Work to be completed. Nothing is needed except the lines below that run from the one with "4、对了,鸡肉无需提前腌制,最后蘸食吃的汤汁是酱油鸡味道的精髓。" through the one with "簡單操作即可實現自動面積量測(C)與3D形狀、輪廓量測(右下)。", repeated exactly.

Information shown.
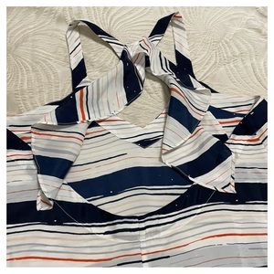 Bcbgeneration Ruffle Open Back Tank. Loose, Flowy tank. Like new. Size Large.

==

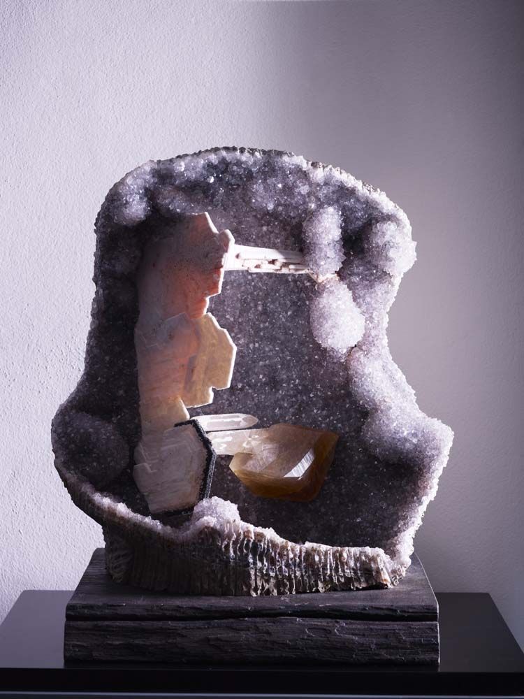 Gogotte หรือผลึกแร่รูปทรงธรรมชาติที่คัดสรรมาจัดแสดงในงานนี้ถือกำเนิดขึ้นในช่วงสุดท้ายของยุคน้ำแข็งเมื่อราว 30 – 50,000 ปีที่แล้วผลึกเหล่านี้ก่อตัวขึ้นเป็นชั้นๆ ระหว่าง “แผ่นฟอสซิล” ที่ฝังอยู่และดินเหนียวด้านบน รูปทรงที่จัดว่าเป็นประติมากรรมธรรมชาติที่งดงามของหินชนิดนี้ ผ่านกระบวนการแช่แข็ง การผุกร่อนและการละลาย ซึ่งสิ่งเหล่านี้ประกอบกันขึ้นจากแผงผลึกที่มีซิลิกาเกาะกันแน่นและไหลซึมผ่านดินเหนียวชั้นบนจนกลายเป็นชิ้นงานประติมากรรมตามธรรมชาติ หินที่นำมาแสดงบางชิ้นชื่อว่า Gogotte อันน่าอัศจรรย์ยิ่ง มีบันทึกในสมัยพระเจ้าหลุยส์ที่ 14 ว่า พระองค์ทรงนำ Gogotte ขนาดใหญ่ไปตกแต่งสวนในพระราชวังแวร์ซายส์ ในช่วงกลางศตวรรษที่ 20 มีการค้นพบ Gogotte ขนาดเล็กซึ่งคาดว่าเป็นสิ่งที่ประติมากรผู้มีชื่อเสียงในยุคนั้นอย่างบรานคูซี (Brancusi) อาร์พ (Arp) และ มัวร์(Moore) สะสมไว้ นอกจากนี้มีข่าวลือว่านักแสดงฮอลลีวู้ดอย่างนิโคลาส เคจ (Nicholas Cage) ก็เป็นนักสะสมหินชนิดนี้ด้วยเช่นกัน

==

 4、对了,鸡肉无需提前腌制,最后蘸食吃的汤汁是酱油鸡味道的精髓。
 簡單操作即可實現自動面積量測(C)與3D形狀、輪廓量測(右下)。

Solution to this problem.
 4、对了,鸡肉无需提前腌制,最后蘸食吃的汤汁是酱油鸡味道的精髓。
 簡單操作即可實現自動面積量測(C)與3D形狀、輪廓量測(右下)。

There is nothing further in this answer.